>>>>

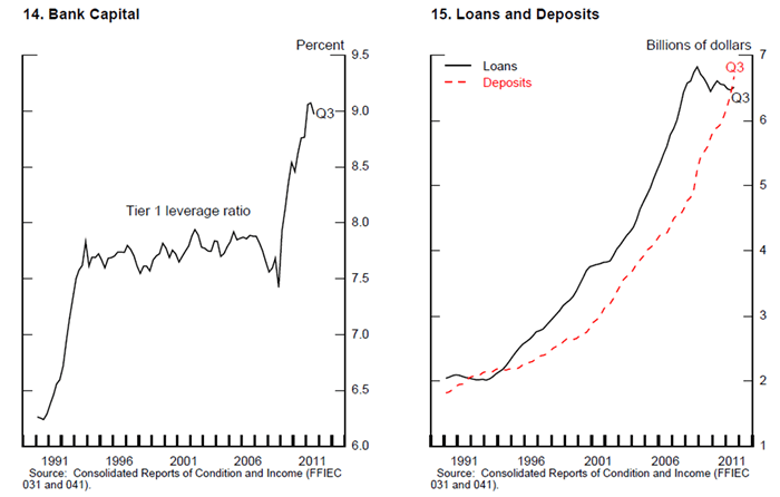 However, I do believe that the headwinds from tight credit conditions for businesses and households, with the exception of mortgage credit, are beginning to subside. Financial institutions in the United States have stronger capital positions than they did in 2008, and the Federal Reserve continues to regularly test the ability of the largest institutions to withstand economic stress (chart 14). Bank deposits have grown substantially, thereby allowing many banks to reduce their dependence on more volatile wholesale funding (chart 15). And, although loan balances have increased in recent months, they remain well below their peak levels, leaving banks with substantial liquidity. Measures of credit stress such as reductions in nonperforming assets, delinquencies, and charge-off rates show steady improvement in credit quality.
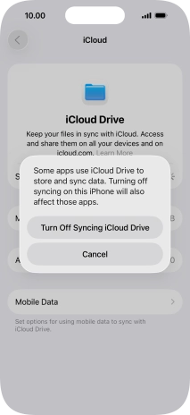 If you turn off the function, press Turn Off Syncing iCloud Drive.
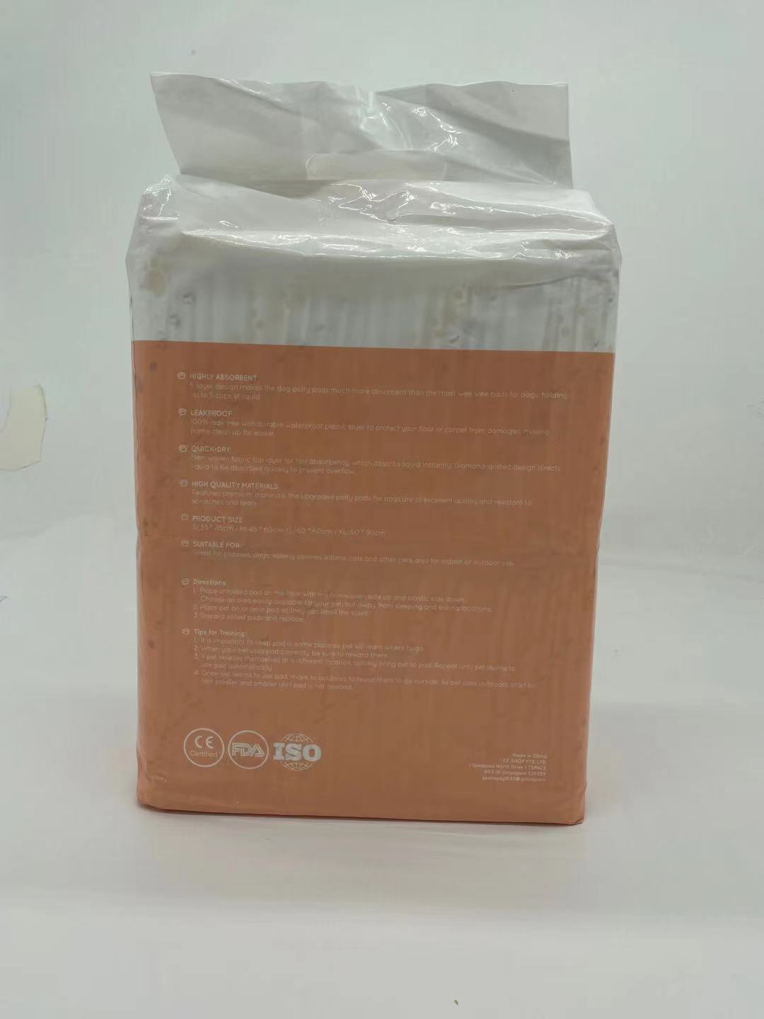 Product specifications: -The pet diaper can be folded into a small size, compact and light, and easy to carry.-Strong absorption capacity Pet diapers have super absorption capacity, which can prevent pet urine from flowing around.-Disposable pet diapers are interspersed, which is easier to clean and use. 50 pieces A pack contains 50 pet diapers, which can meet your pet‘s daily needs within a period of time. Applicable scope Pet diapers can be widely used in pet bags, pet houses, pet boxes, pet cages, floors, bathrooms, etc., designed to take care of your pets.Type: Pet changing pad Quantity: 50 pieces Material: non-iron fabric + perforated PE film Color: Blue PinkNet weight: 1454g / 3.2lb bag :50 *Pet changing pad**SPECS**Current sizes available: Small: 33x45cm (100pcs/pkt)medium : 45x60cm (50pcs/pkt)Large : 60x60cm (40pcs/pkt)X-large: 60x90cm (20pcs/pkt)Adult Blue Colour :60x90cm(10pcs/pkt)

<<<<

_Problem:_ Beginning with the line that bears "If you turn", output each line through the last line of the listing exactly, and no others; skip the pictures.

_Exercise result:_
 If you turn off the function, press Turn Off Syncing iCloud Drive.
 Product specifications: -The pet diaper can be folded into a small size, compact and light, and easy to carry.-Strong absorption capacity Pet diapers have super absorption capacity, which can prevent pet urine from flowing around.-Disposable pet diapers are interspersed, which is easier to clean and use. 50 pieces A pack contains 50 pet diapers, which can meet your pet‘s daily needs within a period of time. Applicable scope Pet diapers can be widely used in pet bags, pet houses, pet boxes, pet cages, floors, bathrooms, etc., designed to take care of your pets.Type: Pet changing pad Quantity: 50 pieces Material: non-iron fabric + perforated PE film Color: Blue PinkNet weight: 1454g / 3.2lb bag :50 *Pet changing pad**SPECS**Current sizes available: Small: 33x45cm (100pcs/pkt)medium : 45x60cm (50pcs/pkt)Large : 60x60cm (40pcs/pkt)X-large: 60x90cm (20pcs/pkt)Adult Blue Colour :60x90cm(10pcs/pkt)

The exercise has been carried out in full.